### AIM OF THE TASK
Each record should be given again exactly as it appears, with no image included.

### DATA PROVIDED
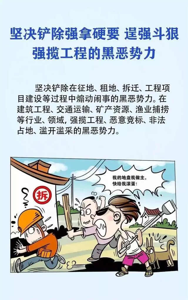 四、坚决铲除强拿硬要、逞强斗狠、强揽工程的黑恶势力。
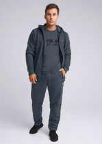 Прямые мужские зауженные брюки из трикотажного полотна с регулируемой талией. Функциональность модели придают боковые карманы, а интересным акцентом в изделии является фирменная фурнитура и дизайнерский принт. Брюки эргономичные и удобные.
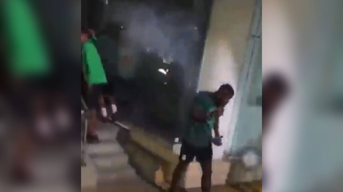 El momento quedó captado en video y circula en redes sociales. En las imágenes se puede observar como los futbolistas se alejan de la zona tras lo sucedido.
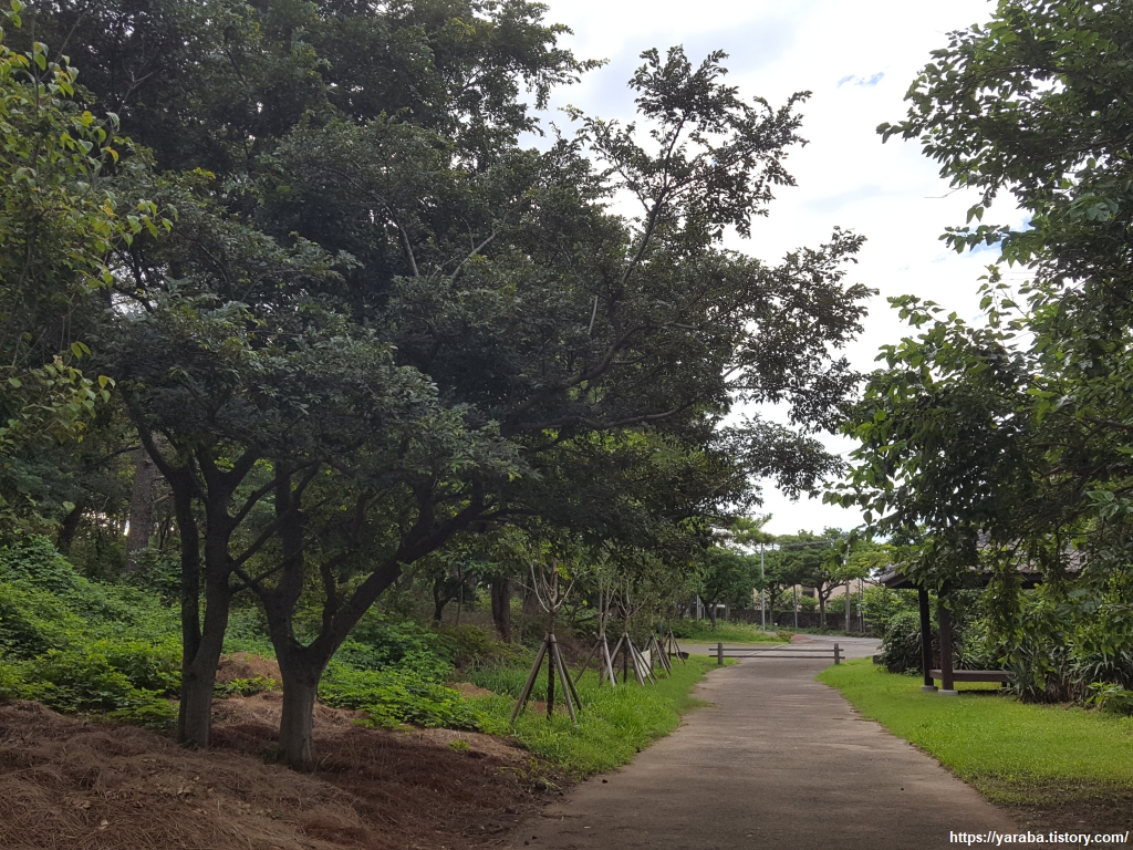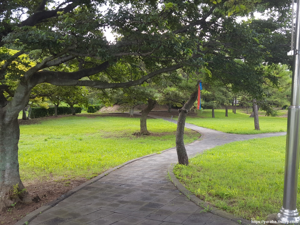물 건너온 야자 매트가 깔린 깔끔한 산책로를 걷는다. 그런데 푹신한 야자 매트가 물 먹으면 미끄럽다는 것을 생각하지 못하고 흥얼거리며 걷다가 내리막 길에서 그만 꽈당하고 말았다. 발목이 다치지 않아서 정말 다행이었다. 여행 초반 이후 여정에서도 조심하라는 조물주의 적절한 경고였다.
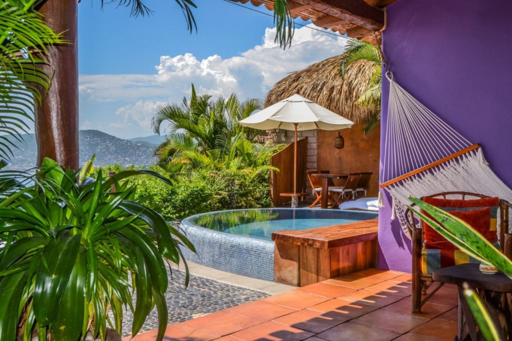 Este precioso hotelito ofrece la oportunidad de alquilar la casa completa, con siete habitaciones, o solo hospedarte en alguna de ellas. Su concepto de bed & breakfast lo convierte en un alojamiento muy cómodo y completo para los viajeros que busquen disfrutar de las playas de Zihuatanejo, así como de su encantador pueblito. El lugar te permite disfrutar de la maravillosa vista desde sus terrazas privadas, relajarte en sus tinas y regaderas al aire libre, así como divertirte o reconectar contigo mismo con sus clases de surf o de yoga.
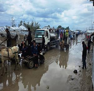 غزة - الامطار الغزيرة تفاقم معاناة النازحين في خان يونس
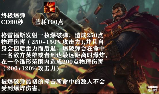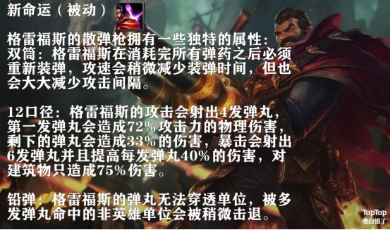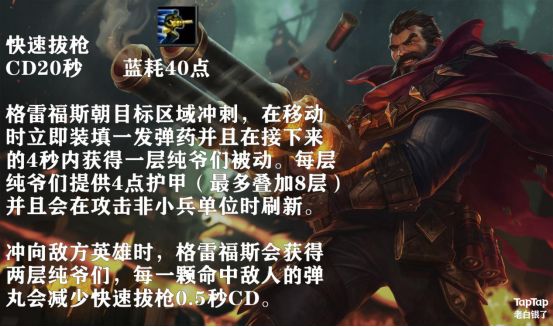 芜湖~小伙伴们大家好,你们亲爱的老白又带着超神攻略回来啦!本期超神攻略的主角,是一枪秒大龙的纯爷们——法外狂徒 格雷福斯!因为手里拿着一支大枪的缘故,格雷福斯一般被玩家称为男枪。闲话少叙,我们先来康康这位纯爷们的技能。
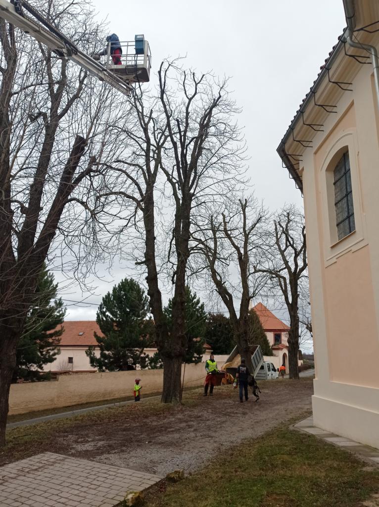 Jednalo se především o redukční řez jírovců podél kostela a kácení několika poškozených a neperspektivních stromů. Arboristé z firmy Prostrom dodrželi doporučení vyplívající z doporučení dendrologického průzkumu.
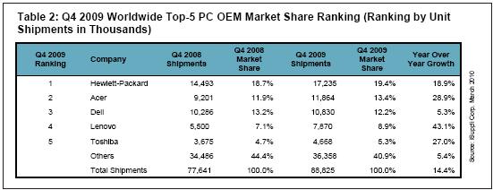 從2009年全年來看,五大PC OEM廠商中有四家增長率高于整體產業。最大廠商惠普增長7.4%。宏基、聯想和東芝分別排是第三、第四和第五大廠商,分別增長21%、14.2%和13.7%。排名第二的戴爾出貨量下降。
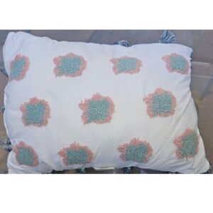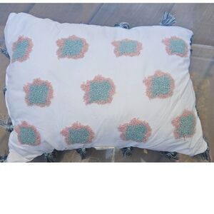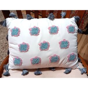 Decorative Throw Lumbar Pillow White Pink Aqua Hook Loop Tassels 11x14 Inch
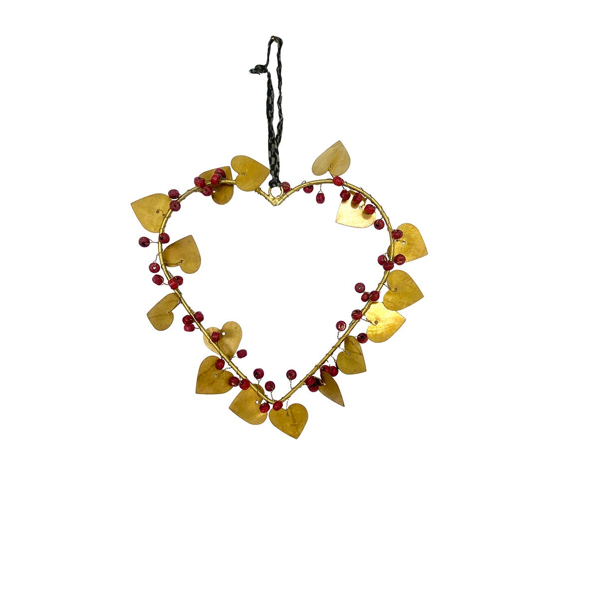 Très joli coeur en laiton orné de pampilles petits coeurs et perles de bois rouge. Il sera parfait pour apporter une touche de deco festive dans la maison.

### REPLY
 四、坚决铲除强拿硬要、逞强斗狠、强揽工程的黑恶势力。
 Прямые мужские зауженные брюки из трикотажного полотна с регулируемой талией. Функциональность модели придают боковые карманы, а интересным акцентом в изделии является фирменная фурнитура и дизайнерский принт. Брюки эргономичные и удобные.
 El momento quedó captado en video y circula en redes sociales. En las imágenes se puede observar como los futbolistas se alejan de la zona tras lo sucedido.
물 건너온 야자 매트가 깔린 깔끔한 산책로를 걷는다. 그런데 푹신한 야자 매트가 물 먹으면 미끄럽다는 것을 생각하지 못하고 흥얼거리며 걷다가 내리막 길에서 그만 꽈당하고 말았다. 발목이 다치지 않아서 정말 다행이었다. 여행 초반 이후 여정에서도 조심하라는 조물주의 적절한 경고였다.
 Este precioso hotelito ofrece la oportunidad de alquilar la casa completa, con siete habitaciones, o solo hospedarte en alguna de ellas. Su concepto de bed & breakfast lo convierte en un alojamiento muy cómodo y completo para los viajeros que busquen disfrutar de las playas de Zihuatanejo, así como de su encantador pueblito. El lugar te permite disfrutar de la maravillosa vista desde sus terrazas privadas, relajarte en sus tinas y regaderas al aire libre, así como divertirte o reconectar contigo mismo con sus clases de surf o de yoga.
 غزة - الامطار الغزيرة تفاقم معاناة النازحين في خان يونس
 芜湖~小伙伴们大家好,你们亲爱的老白又带着超神攻略回来啦!本期超神攻略的主角,是一枪秒大龙的纯爷们——法外狂徒 格雷福斯!因为手里拿着一支大枪的缘故,格雷福斯一般被玩家称为男枪。闲话少叙,我们先来康康这位纯爷们的技能。
 Jednalo se především o redukční řez jírovců podél kostela a kácení několika poškozených a neperspektivních stromů. Arboristé z firmy Prostrom dodrželi doporučení vyplívající z doporučení dendrologického průzkumu.
 從2009年全年來看,五大PC OEM廠商中有四家增長率高于整體產業。最大廠商惠普增長7.4%。宏基、聯想和東芝分別排是第三、第四和第五大廠商,分別增長21%、14.2%和13.7%。排名第二的戴爾出貨量下降。
 Decorative Throw Lumbar Pillow White Pink Aqua Hook Loop Tassels 11x14 Inch
 Très joli coeur en laiton orné de pampilles petits coeurs et perles de bois rouge. Il sera parfait pour apporter une touche de deco festive dans la maison.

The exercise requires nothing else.